Rich, Justin, Rune: Seconded. The need for a discussion here is deeply worrying. It's not smaller code if it's insecure code. And given two very viable techniques, it seems moot.

Personally, I'd be in favour of the SOCK_DGRAM approach, as it eliminates the need for setuid. How difficult would it be for someone to maintain this patch in a forked BusyBox, or as a compile option (turned on by default)? (I'd be happy to help with this). Is this something Alpine Linux might consider?

On 1 April 2015 at 08:41, <u-wsnj@aetey.se> wrote:
On Tue, Mar 31, 2015 at 07:48:10PM -0400, Rich Felker wrote:
> > > 2. Reconsider the rejection of the patch to add SOCK_DGRAM support for
> > >    ping, which allows it to run without root.
> >
> > This seems to lead to a significantly larger code.
>
> I don't recall the exact amount, but given that busybox's suid
> framework is not taking any precautions to mitigate the risks of suid
> (not to mention that eliminating all suids is a goal of some
> security-conscious systems integrators)
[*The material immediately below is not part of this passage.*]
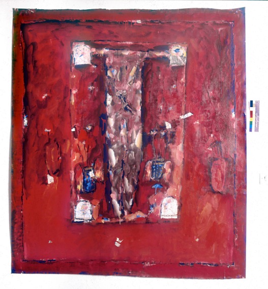 Comment intituler cette toile de 1993 ? Certes un titre donné par l’artiste appauvrirait limiterait l’imaginaire du spectateur trop docile, mais ce respect scrupuleux de l’autre ne facilite pas la critique ou le simple désir de communiquer sur une œuvre. L’arbitraire et l’insuffisance de « Christ jaune » invite à un autre baptême…Opus1993-15B ? Musical, mais sans références plus précises, très inexact…

Yes it is here (the goal).

Suid is a very old and nowadays quite redundant tool, mostly holding
ground due to its "simplicity" (say, compared to talking to a daemon)
and to the tradition. Seen from a different perspective, it is from the
pre-network epoch ("the computer is the universe") and enforces among
others hardcoded paths - which is a PITA for reusable and globally
placed software.

> I think it would be worth it
> even if it doubled the size of the ping utility (which it does not).